We heard the stories of many people including Varadhi, who shared her brave journey of how she lost both her legs on a land mine during the war. She has used her loan to set up a successful fruit shop. The stories of those who have been able to access the loans and create successful businesses are then used to generate support and empower new people coming into the program. The team were able to present some new recipients (appropriately called visionaries and not beneficiaries) with their new loans.

The second part of the journey was a trek through the southern part of Sri Lanka. This was an opportunity to walk through farmland and villages meeting local people. Under the care of our tour guide Nalaka and his team, we were able to see the diverse and ever-changing scenery of Sri Lanka through tea plantations, along railway tracks and through forests.

Some of the walks were challenging however the team banded together with the strong ones helping those who needed it by carrying their backpacks, pulling them up steep rocky hills and guiding them over tricky steps. It was such a privilege to work so closely as a team.

Throughout our journey we were all moved by the kindness of the Sri Lankan people. Even in the poorest areas we were welcomed into homes, offered tea and made to feel included: we were all deeply humbled by the hospitality.

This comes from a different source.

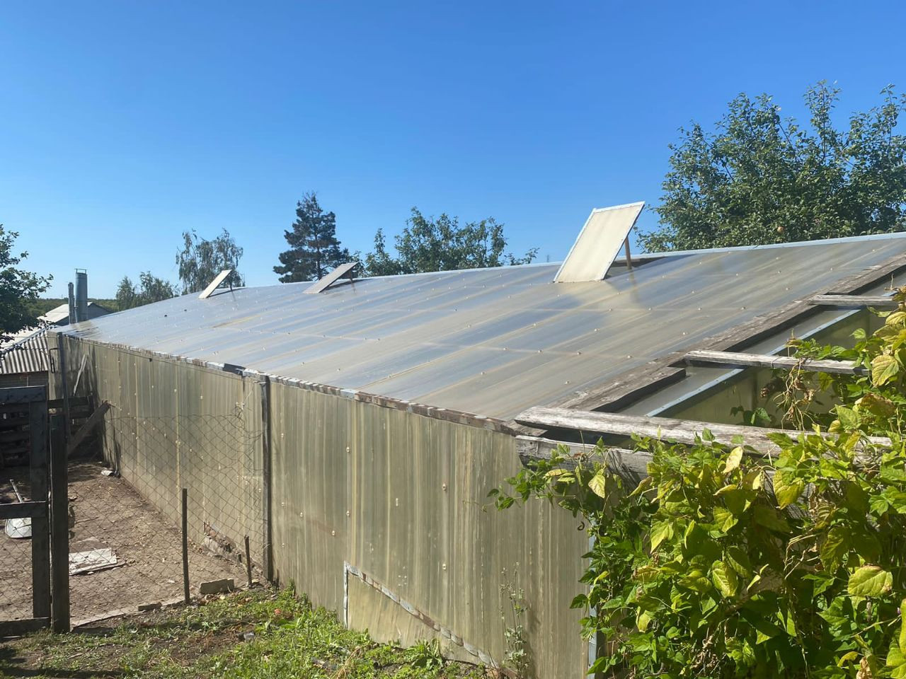 На участке большая теплица 150 метров,из поликарбоната, огурцы, помидоры, редис, зелень, круглый год., хоз блоки, курятник, красивые аппетитные курочки.

The trip was a wonderful opportunity to see the amazing work UnitingWorld do through the support they provide to local projects. This grassroots structure is utilising local expertise and resources to empower people and make a meaningful difference. It is providing a vehicle for the passionate individuals that we met to get their ideas off the ground.

From Sam who started Deaf Link, out of love for his deaf son, to the one woman in the village asking for vocational training, to the mother who fought for the right for her disabled child to access education—all of this positive change started with just one person.

The passion and commitment from these individuals, alongside the support of partnerships such as UnitingWorld, is now creating a ripple effect throughout the whole community.

Joanne Allen-Keeling

Joanne Allen-Keeling is a member of The Gap Uniting Church and a social work leader at the Lady Cilento Children’s Hospital in Brisbane.